In Figure 1, displayed below, Koenker and Bassett show the scatter plot of the original data on double log axes. Fitted regression quartile lines are superimposed on the same figure. The estimated slope parameters (Engel elasticities), 0.8358, 0.8326, 0.8780, and 0.9170, for the quartiles corresponding to the 20th, 40th, 60th, and 80th percentiles, respectively.

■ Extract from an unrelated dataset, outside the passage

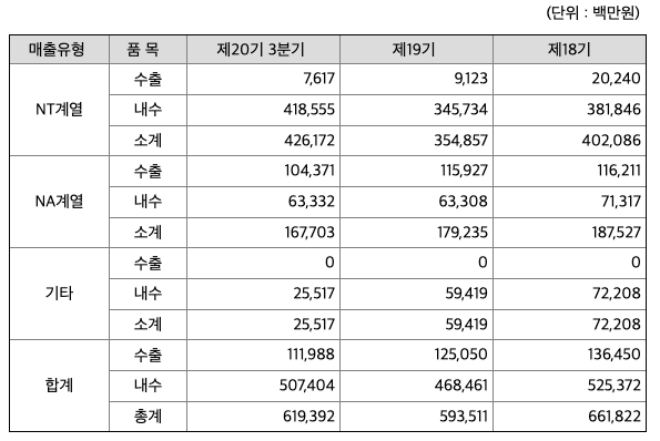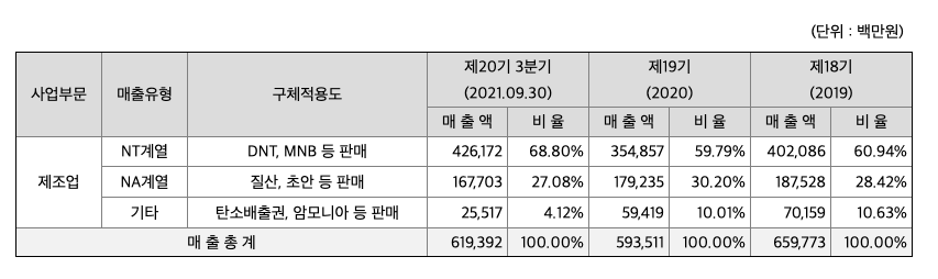 당사는 제조업과 부동산업 2개의 사업부문을 가지고 있습니다. 다만, 보고서 작성일 현재 부동산업 부문에서의 매출인식 사항은 없음으로 정밀화학산업 중심의 제조업에서 매출액의 100% 인식하고 있습니다. 당사의 제조시설은 여수산업단지에 위치하며, 주요 원재료로 암모니아, 톨루엔, 벤젠 등을 남해화학, GS칼텍스, OCI 등으로부터 매입하여 사용합니다. 당사는 DNT, MNB를 폴리우레탄 재료인 NT제품으로 생산/판매하고 있으며 21년 3분기 매출비중은 약 69%입니다. 암모니아가 주원료인 희질산, 농질산, 초안을 NA계열제품으로 생산/판매하고 있으며 해당제품은 21년 3분기 매출액의 27%를 차지합니다. 그 외에 암모니아 상품, 요소수 상품 및 온실가스 저감을 통해 획득하는 탄소배출권을 국내 배출권 시장에 판매하고 있습니다. 당사의 21년 3분기 발생매출 중 내수 및 수출의 비중은 82:18입니다.

It is interesting to note in this example that the fitted quartile lines indicate an increasing conditional scale effect.

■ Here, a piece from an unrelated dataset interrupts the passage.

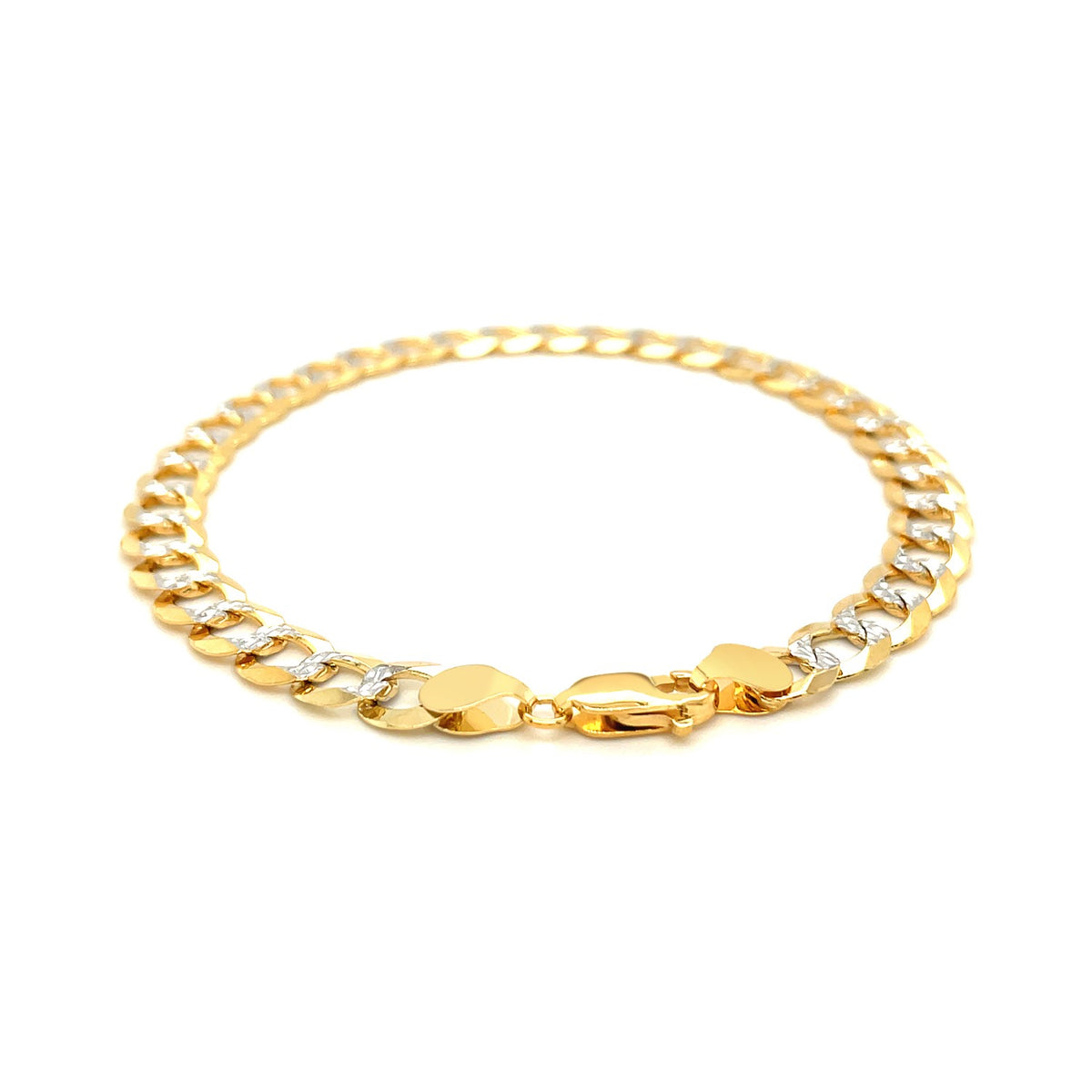 7.0mm 14k Two Tone Gold Pave Curb Bracelet

To investigate the influence of the GARMA error model’s “significance” in quantile-regression models, we suggest the following approach with the GARMA errors expressed as:

$$y_t=\beta +x_{1,t}{\beta }_1+{ϵ}_t,\mathit{t}=\mathit{1},\mathit{2},\dots ,\mathit{n},$$

with

$$(1-{\varphi }_{1}L-{\varphi }_2{L}^2){(1-2\eta L+L^2)}^d{ϵ}_t={\xi }_t,$$

where:

• $y_t$ is the food expenditure of observation t;
• $x_{1,t}$ is the income of observation t;
• $d=0.35$ and $\eta =-0.8.$

Our methodology commences by estimating the parameters $\beta$, ${\beta }_1$, ${\varphi }_1$, and ${\varphi }_2$ at the quartiles 0.2, 0.4, 0.6, and 0.8 via our method described in Section 2 with the R software (version 4.4.1).

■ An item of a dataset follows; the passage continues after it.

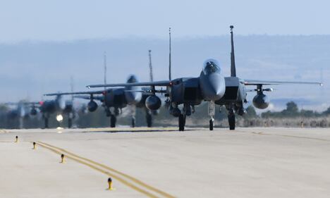 Four U.S. Air Force F-15E Strike Eagles from Royal Air Force Lakenheath, England, taxi down the flightline at Albacete Air Base, Spain, during the NATO Tactical Leadership Programme 19-1 flying course, Feb. 15, 2019. (Staff Sgt. Alex Fox Echols III/Air Force)
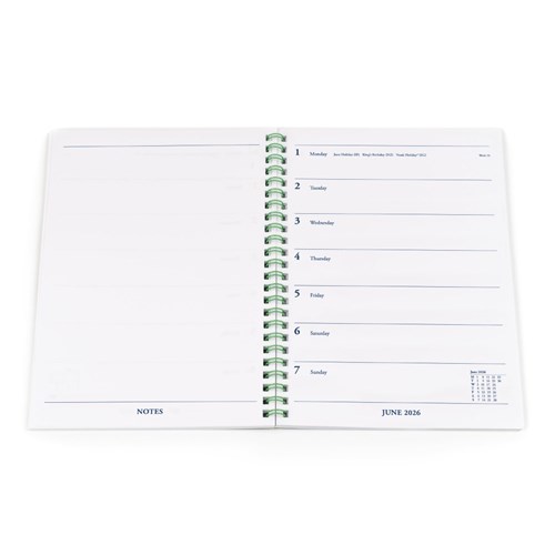 This Colplan planner offers reliable and easy-to-use format in a practical A5 wire weekly notebook.

Table 4. Estimated parameters for Engel data with expectation-maximization algorithm.

Estimate		0.2	0.4	0.6	0.8
	τ
Intercept		96.35	94.8	86.94	76.60
Income		0.58	0.59	0.62	0.63
${\varphi }_1$		−0.35	−0.27	−0.22	−0.23
${\varphi }_2$		−0.09	−0.12	−0.14	−0.06
Prediction for observation 235		721.6	723.27	736.9	744.35

shows the estimated coefficients (Estimate) and the corresponding predictions at four quantile levels, $\tau :0.2,0.4,0.6$, and $0.8$.

Upon examination of Table 4, the estimates associated with the covariate “income” consistently escalate as $\tau$ increases, in accordance with our expectations. Moreover, the values of prediction are close to the true value, which is $750.32$, and tend to increase as $\tau$ increases, as expected.

This closeness to the true value not only validates the efficacy of our method but also underscores its reliability in making accurate predictions. Moreover, akin to the estimates, the predicted values also manifest a tendency to increase with escalating $\tau$, a phenomenon that aligns seamlessly with our anticipated behavior of the model.

6. Conclusions

In this article, we have used the maximum-likelihood estimation method and the EM algorithm to estimate the unknown parameters of the quantile regression model with Generalized Autoregressive Moving Average error. To asses the performance of our estimators, we conducted a simulation study. The results were promising, demonstrating that our parameter estimates closely approximate the true values. Additionally, we provide a practical illustration using real data.